Nigdy się nad tym faktem nie pochylałem, ponieważ niegdyś w szkole uczono mnie, że Skandynawię obejmują kraje takie jak: Norwegia, Szwecja, Dania, Finlandia oraz Islandia. A tu nie! Do wyszukiwarki "google" wbiłem hasło "Skandynawia", i jako pierwsza rękę podniosła nachalna i mało dokładna Wikipedia. Nie żywię sympatii, ni zaufania do tej encyklopedii, dowodzonej przez "komu się chce". Tym bardziej, iż w interesującej mnie muzyce, wielokrotnie przyłapałem ją na nieścisłościach, a nawet ewidentnych błędach. Jednak tym razem postanowiłem przeczytać, a tam:
"Skandynawia - region północnej Europy, obejmujący kraje: Szwecję, Norwegię oraz Danię. Obejmuje część z krajów nordyckich. Czasem w nieskandynawskich mediach, biorąc pod uwagę wpływy szwedzkie i duńskie, do Skandynawii zalicza się Islandię, czy nawet niegermańskie kraje, takie jak: Finlandia, Estonia, niekiedy też Łotwa, a nawet Litwa.....".

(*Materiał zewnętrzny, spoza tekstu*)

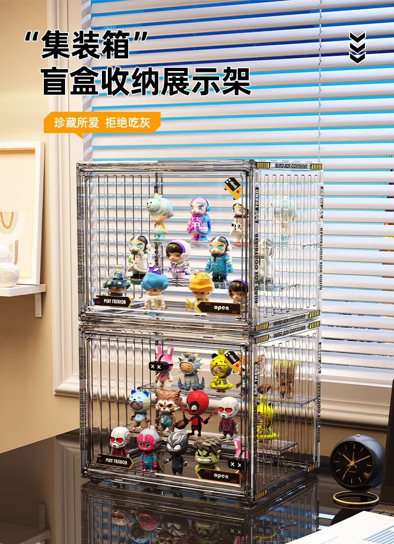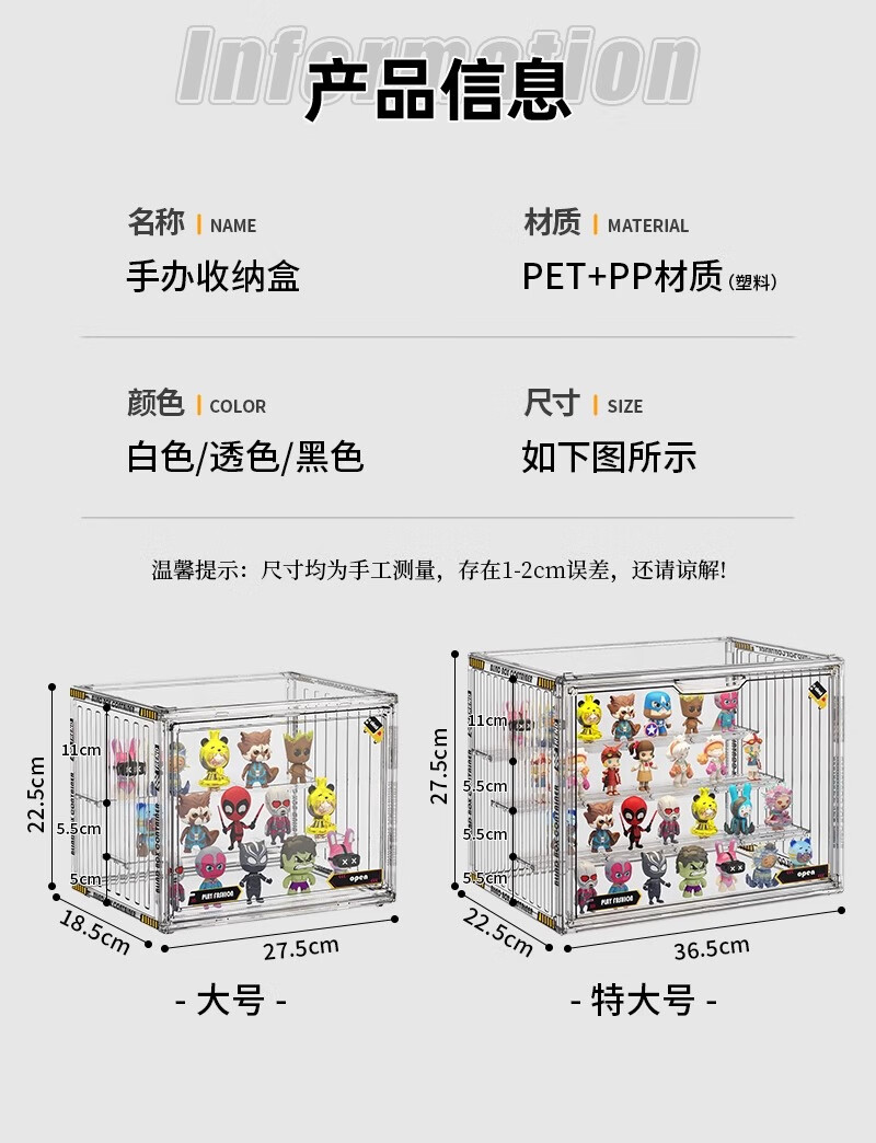 JD Logistics Labubu Bubble Mart Blind Box Display Cabinet Storage Transparent Dustproof Figure Storage Box Transparent - Extra Large - Four Levels Magnetic Opening and Closing/Free Stickers
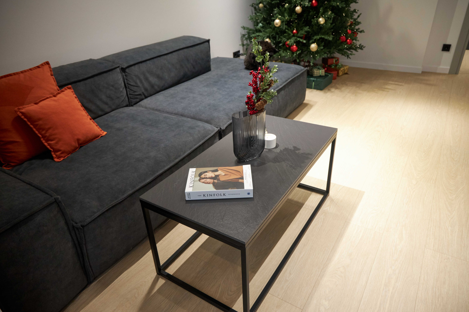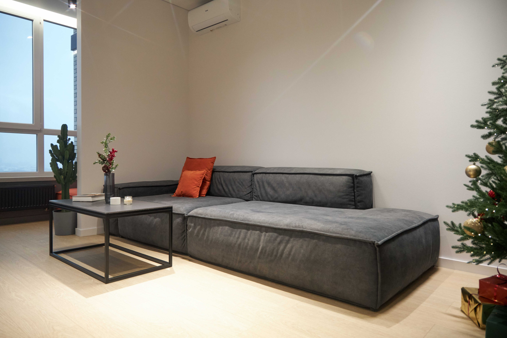 Стильный интерьер с акцентном на натуральность и естественность: оттенки дерева, тёплое освещение, обилие уютного текстиля и природный декор.
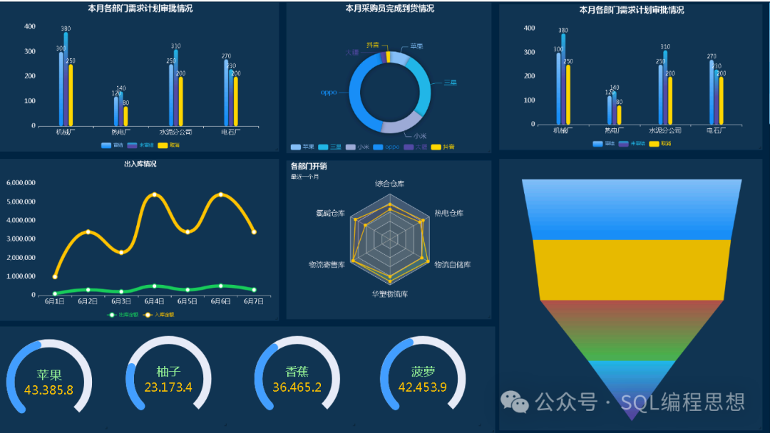 • • 图表集成: 可以方便地将流行的图表库(如 ECharts)集成到报表中,实现数据可视化。

O Estończykach powszechnie wiadomo, iż ci czują się Skandynawami. Zresztą nawet, gdy naród ten żył kilkadziesiąt lat w radzieckiej niewoli, zawsze podkreślał swą kulturową odrębność, mocno zresztą wspomaganą właśnie przez Finów. Finowie nawet dostarczali odpowiednie radiowe i telewizyjne fale, które docierały do sporej części zniewolonego narodu. Dzięki temu Estończycy świetnie orientowali się w "prawdziwym" świecie, przy okazji nie zatracając swych kulturowych korzeni. Niemniej, idąc torem myślenia z przedstawionego powyżej cytatu, można wywnioskować, iż Polska, która niegdyś sięgała terenami po dzisiejszy wschodni cypel Litwy, jakby ocierała się o skandynawską przynależność. To samo można by rzec o malutkim kaliningradzkim obwodzie należącym do Rosji. Pokręcone to wszystko.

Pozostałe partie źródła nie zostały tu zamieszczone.